Mr Tsigbey lamented that co-payments not only discouraged many from patronising the NHIS, but also eroded the “very foundational purpose for establishing the NHIS”, which was to end the cash and carry system that discouraged about 80 per cent of Ghanaians from accessing quality health care.

He said from a total of 66 respondents at all NHIS accredited facilities, the research found that co-payments ranging from GH¢1.00 to GH¢80.00 were made, bringing to an average of GH¢11.66 card bearers made to pay to access healthcare in the District.

The findings showed that the practice was prevalent at the Out Patients Departments, Consulting rooms, Laboratories, Maternity Units, and Dispensaries.
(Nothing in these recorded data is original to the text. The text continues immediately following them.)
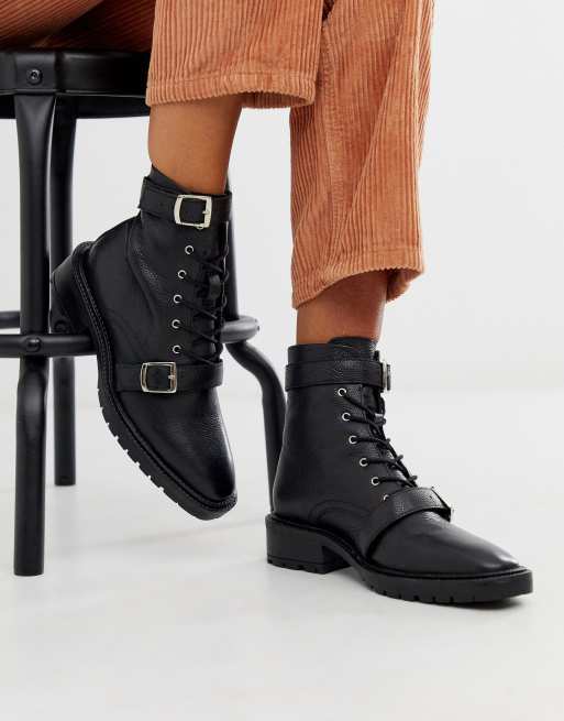 ASOS DESIGN – Astrid – Czarne skórzane buty militarne z grubą podeszwą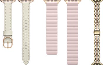 Perfectly personalize your Apple Watch to match the vibe of professional and casual ensembles alike with this trio set of assorted watchbands including a polished tri-tone bracelet, a leather version and a durable silicone option.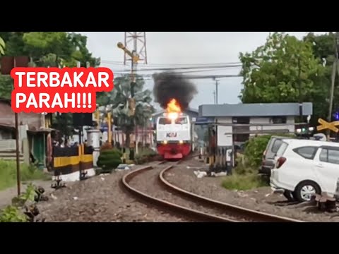 LAGI!! LOKOMOTIF KEBAKARAN KELUAR API DARI CEROBONG SAAT BERANGKAT STASIUN Lokomotif jenis CC 203 memang terkenal sering ...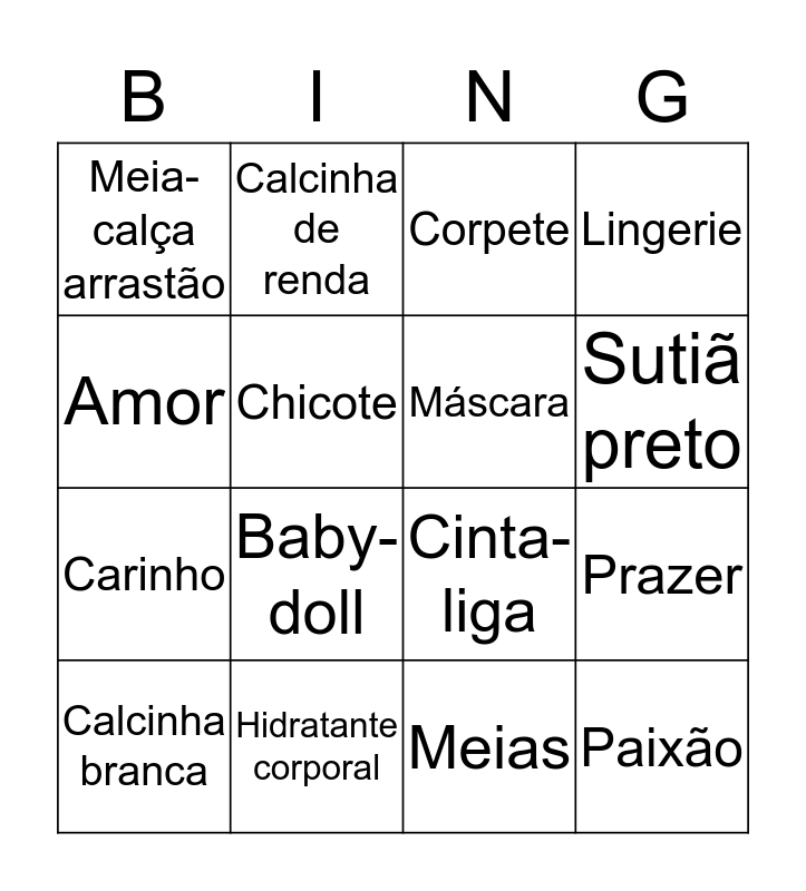 This bingo card has 16 words: Calcinha branca, Hidratante corporal, Corpete, Lingerie, Amor, Calcinha de renda, Cinta-liga, Prazer, Meia-calça arrastão, Chicote, Meias, Sutiã preto, Carinho, Baby-doll, Máscara and Paixão.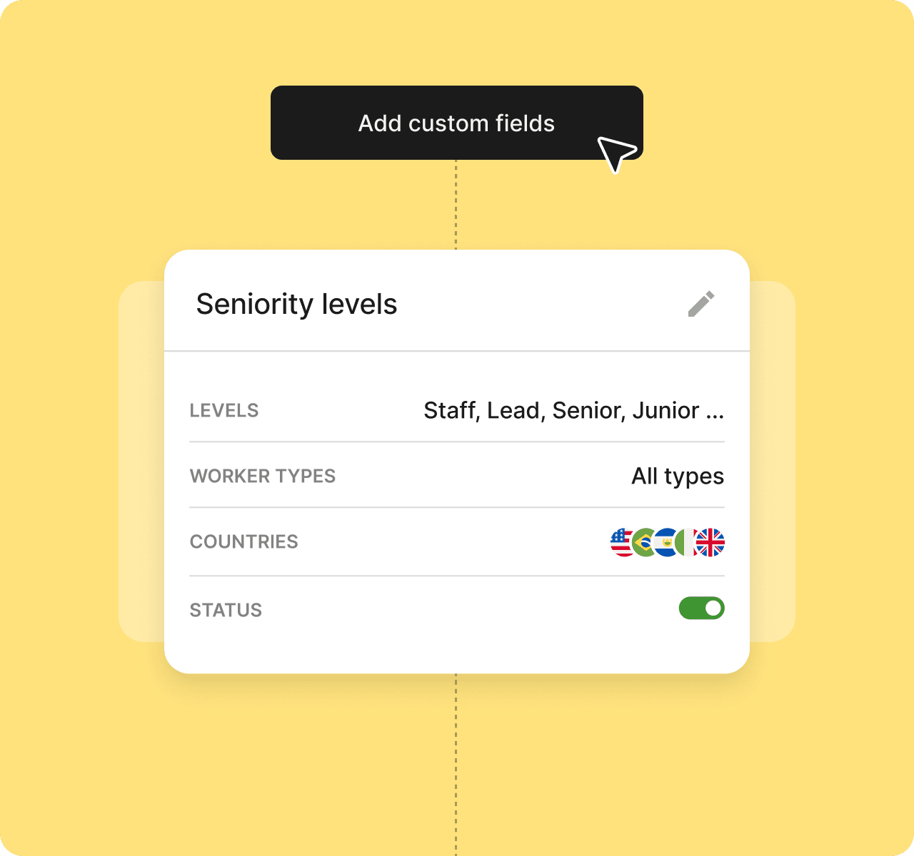 Whether it’s custom fields and documents or creating an HR stack to support unique company structures, Deel HR can easily flex to suit the unique needs of your business—without months of set-up time. And we support global teams of all sizes, so you can be sure that we can scale with you.

It also revealed that cash payments were being demanded in the name of security, sustainability levy, medications, delivery kits, and disinfectants among others.

“Pregnant women seeking antenatal and delivery services are the worst victims of these illegal fees because they are made to pay the highest amounts compared to clients seeking general OPD services. The maternity units, particularly at the Tsanakpe Health Centre and Dzake Health Centre were charging the highest illegal fees,” Mr Tsigbey said.

The report also said that subscribers were made to pay for oxygen at both the Peki, and Anfoega Government Hospitals, although it was covered by the Scheme.

It also said pregnant women were among the majority of patients locked up in medical detention at the various health centres for their inability to pay additional fees.

The report again said extra payments to access the X-ray photography device at the Peki Government Hospital often delayed patients who could not afford, leading to some patients developing complications.

Negative and unprofessional attitudes by health service staff were captured in the report, which also concluded that patients heaped the bulk of the blame on the Health Insurance Authority, instead of care providers.

Dr Makafui Alphonse, Acting Medical Superintendent of the Peki Government Hospital, said top up payments were becoming increasingly necessary to enable NHIS subscribers access quality health care.

He said co-payments became a better option for transfers to other health facilities, citing among others, the bad nature of roads in the District.

Dr Alphonse further said most health facilities required upgrades, and mentioned Peki Governmen Hospital’s 40 year old X-ray photography machine, which kept breaking down, compelling management to demand some fees from subscribers for its maintenance.

He said the prices of some medicines on the NHIS list were “very low”, and that it forced pharmaceutical companies that supplied them to produce substandard drugs.

The Medical Superintendent therefore appealed to stakeholders to intervene and consider frequent reviews of service costs.